## Problem requirements
Using the records that follow, reproduce exactly the lines starting at the line containing "当時物 時代コレクション0225-67S9 收藏" and ending at the line containing "在站台区域,民警曾明雄的贴心". Include both end lines and no pictures.
BEGIN Source data
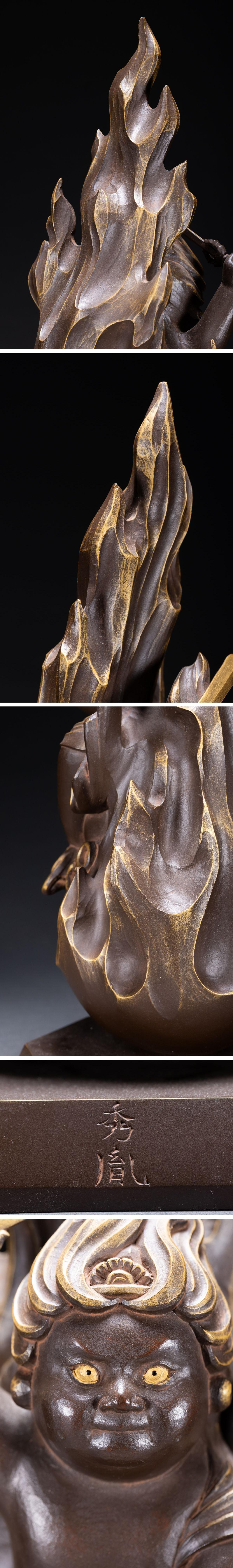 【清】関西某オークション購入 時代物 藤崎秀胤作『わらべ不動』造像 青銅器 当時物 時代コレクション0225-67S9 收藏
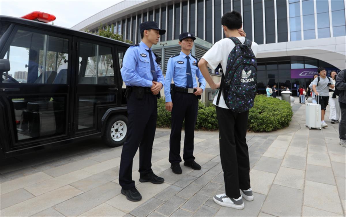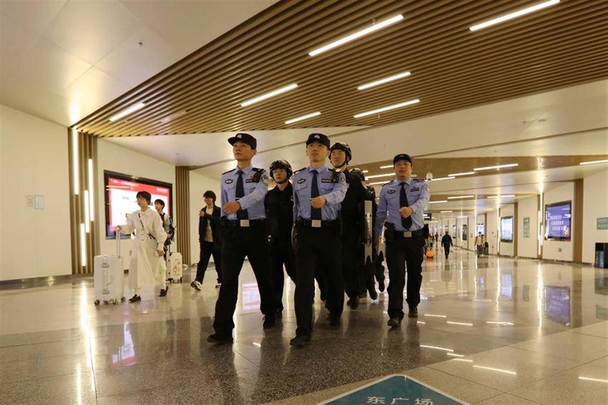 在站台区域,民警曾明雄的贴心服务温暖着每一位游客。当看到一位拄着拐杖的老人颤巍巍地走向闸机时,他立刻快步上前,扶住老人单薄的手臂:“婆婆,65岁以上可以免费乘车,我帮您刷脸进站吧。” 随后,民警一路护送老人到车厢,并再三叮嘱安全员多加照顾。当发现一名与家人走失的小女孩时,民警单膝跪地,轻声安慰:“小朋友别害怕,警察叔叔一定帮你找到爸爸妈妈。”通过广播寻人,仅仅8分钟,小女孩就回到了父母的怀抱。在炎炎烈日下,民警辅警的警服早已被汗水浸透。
END Source data
BEGIN Source data
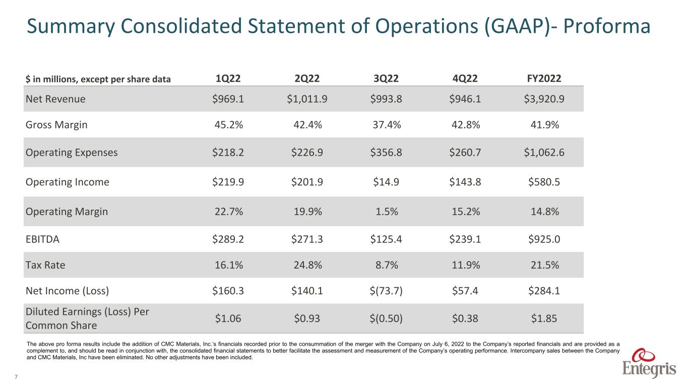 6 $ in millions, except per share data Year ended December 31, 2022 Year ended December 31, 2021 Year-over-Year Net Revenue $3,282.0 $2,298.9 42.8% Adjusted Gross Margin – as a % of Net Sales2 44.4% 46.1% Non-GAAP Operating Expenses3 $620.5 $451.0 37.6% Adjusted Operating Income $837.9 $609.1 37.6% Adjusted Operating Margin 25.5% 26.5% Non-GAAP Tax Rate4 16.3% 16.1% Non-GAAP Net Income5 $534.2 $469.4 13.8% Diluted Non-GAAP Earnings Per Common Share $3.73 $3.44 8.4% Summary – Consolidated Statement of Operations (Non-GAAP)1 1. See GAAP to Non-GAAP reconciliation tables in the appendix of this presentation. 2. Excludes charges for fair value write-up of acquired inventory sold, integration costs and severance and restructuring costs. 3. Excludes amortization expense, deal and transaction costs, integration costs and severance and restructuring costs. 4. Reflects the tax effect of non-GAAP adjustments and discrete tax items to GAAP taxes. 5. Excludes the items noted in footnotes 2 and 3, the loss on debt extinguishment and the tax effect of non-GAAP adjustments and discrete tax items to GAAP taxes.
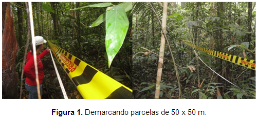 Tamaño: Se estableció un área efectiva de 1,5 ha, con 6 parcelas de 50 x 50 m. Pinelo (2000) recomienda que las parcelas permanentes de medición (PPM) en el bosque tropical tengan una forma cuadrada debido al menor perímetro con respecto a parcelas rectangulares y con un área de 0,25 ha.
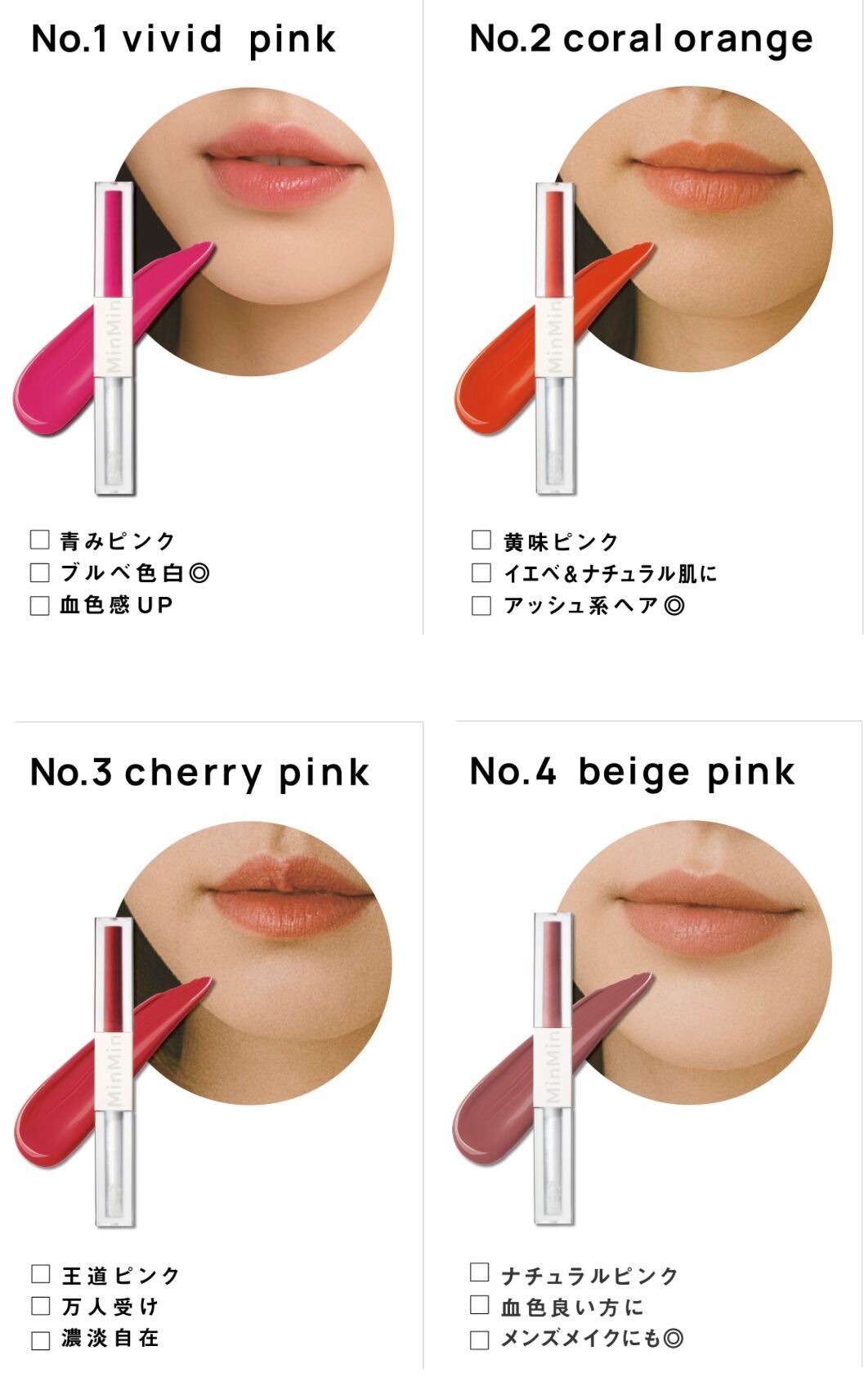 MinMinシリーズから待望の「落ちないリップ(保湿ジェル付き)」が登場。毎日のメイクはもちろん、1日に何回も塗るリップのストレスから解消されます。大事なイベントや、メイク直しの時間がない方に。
END Source data
BEGIN Source data
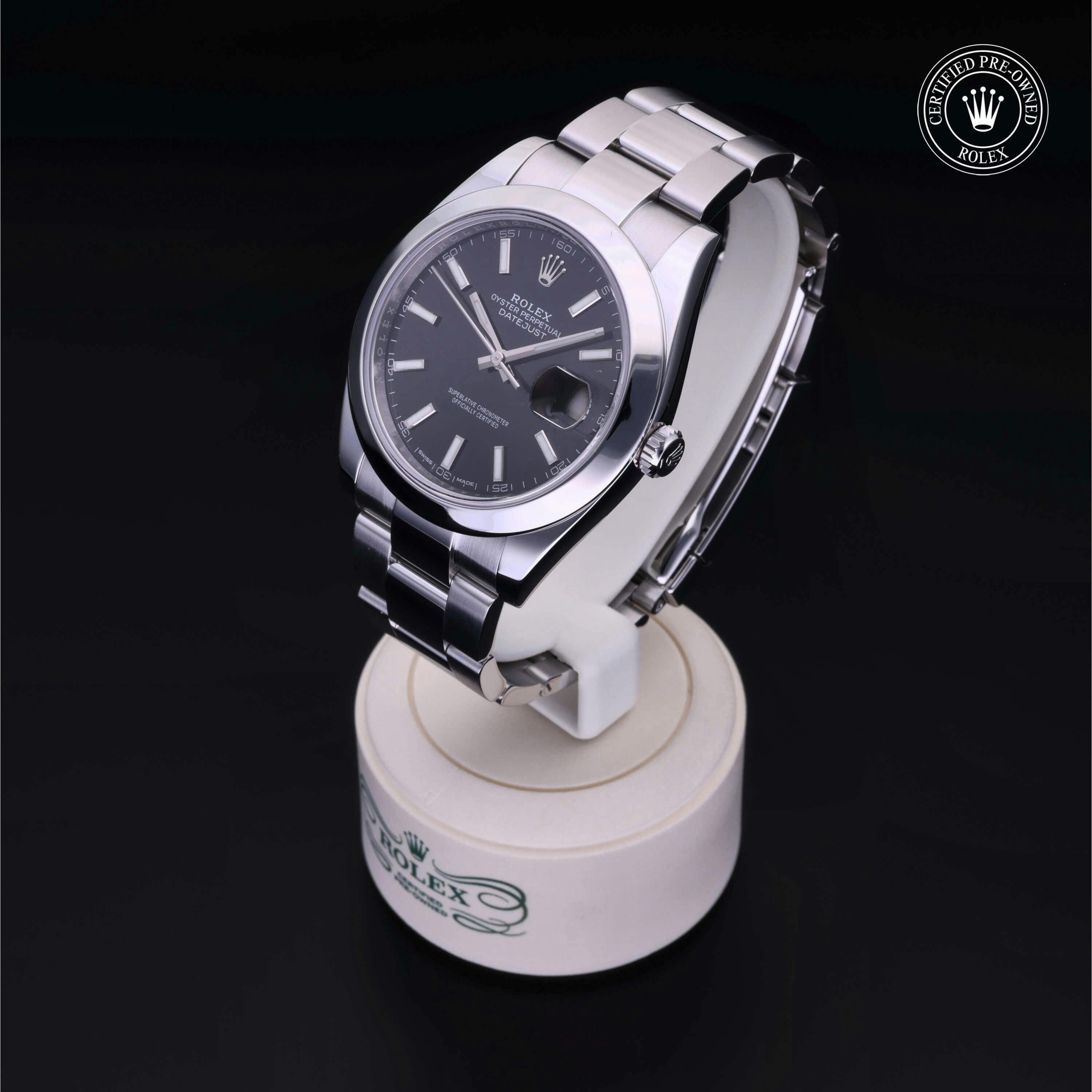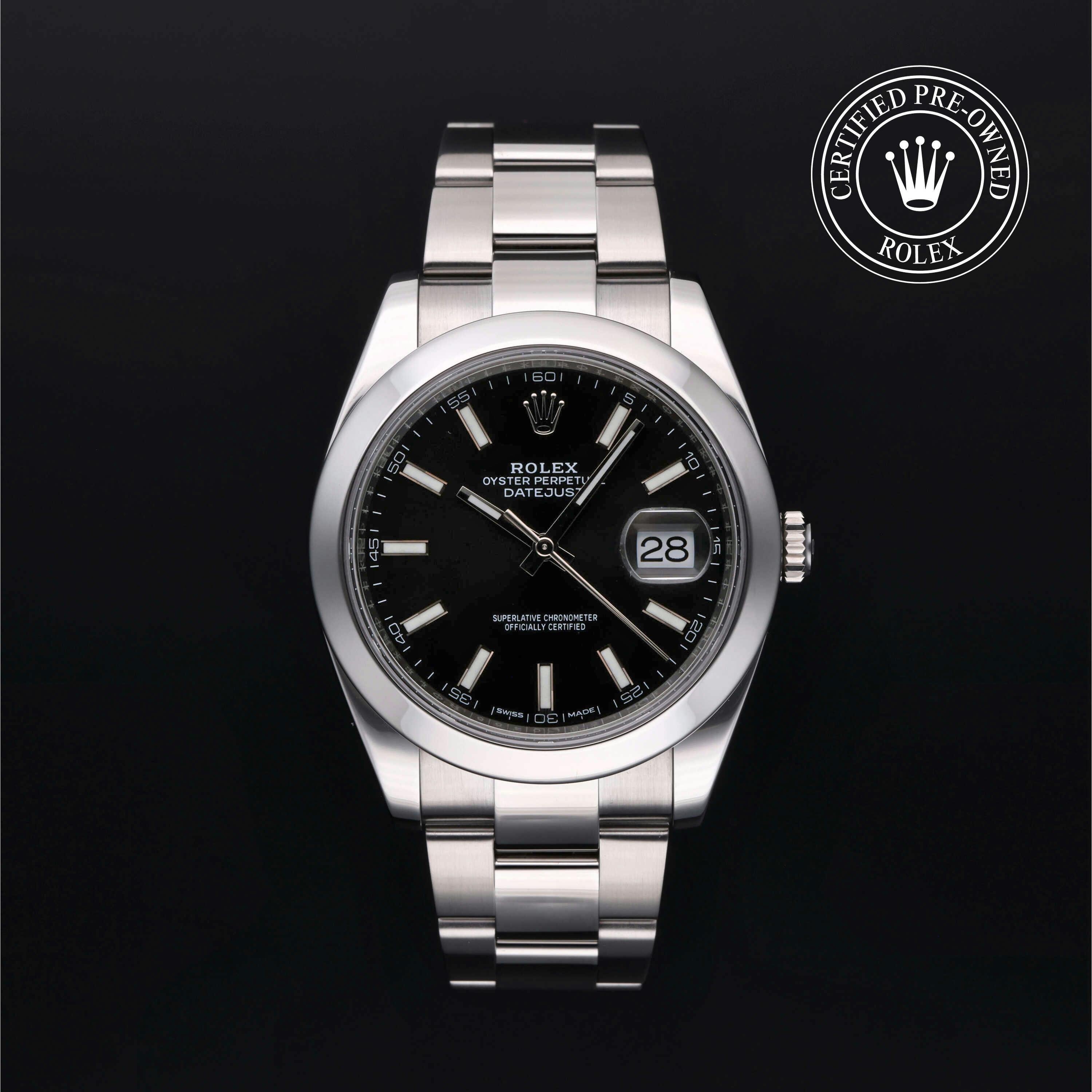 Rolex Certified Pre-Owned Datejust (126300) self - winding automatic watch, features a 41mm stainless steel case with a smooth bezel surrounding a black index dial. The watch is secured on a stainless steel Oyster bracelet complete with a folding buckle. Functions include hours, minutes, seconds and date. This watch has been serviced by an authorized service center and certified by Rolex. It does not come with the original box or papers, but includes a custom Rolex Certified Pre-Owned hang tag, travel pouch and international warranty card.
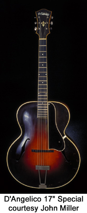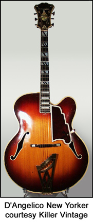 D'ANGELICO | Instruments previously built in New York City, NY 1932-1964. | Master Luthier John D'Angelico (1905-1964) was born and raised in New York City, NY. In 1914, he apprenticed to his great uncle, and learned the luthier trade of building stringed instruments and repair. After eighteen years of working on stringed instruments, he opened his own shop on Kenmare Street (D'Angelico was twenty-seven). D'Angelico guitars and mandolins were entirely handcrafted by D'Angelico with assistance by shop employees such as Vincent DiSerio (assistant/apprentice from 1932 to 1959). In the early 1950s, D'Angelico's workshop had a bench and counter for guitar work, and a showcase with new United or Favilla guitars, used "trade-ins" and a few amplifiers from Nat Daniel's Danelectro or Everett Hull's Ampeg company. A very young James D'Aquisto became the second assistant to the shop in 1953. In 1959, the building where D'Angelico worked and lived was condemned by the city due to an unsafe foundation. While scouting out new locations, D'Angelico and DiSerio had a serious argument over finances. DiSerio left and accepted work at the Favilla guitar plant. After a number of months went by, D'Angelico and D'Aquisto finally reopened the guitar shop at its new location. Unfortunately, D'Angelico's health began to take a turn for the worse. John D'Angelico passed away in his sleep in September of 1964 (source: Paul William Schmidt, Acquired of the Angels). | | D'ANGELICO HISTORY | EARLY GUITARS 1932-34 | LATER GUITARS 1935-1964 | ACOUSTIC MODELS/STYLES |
END Source data
## Your response
 【清】関西某オークション購入 時代物 藤崎秀胤作『わらべ不動』造像 青銅器 当時物 時代コレクション0225-67S9 收藏
 在站台区域,民警曾明雄的贴心服务温暖着每一位游客。当看到一位拄着拐杖的老人颤巍巍地走向闸机时,他立刻快步上前,扶住老人单薄的手臂:“婆婆,65岁以上可以免费乘车,我帮您刷脸进站吧。” 随后,民警一路护送老人到车厢,并再三叮嘱安全员多加照顾。当发现一名与家人走失的小女孩时,民警单膝跪地,轻声安慰:“小朋友别害怕,警察叔叔一定帮你找到爸爸妈妈。”通过广播寻人,仅仅8分钟,小女孩就回到了父母的怀抱。在炎炎烈日下,民警辅警的警服早已被汗水浸透。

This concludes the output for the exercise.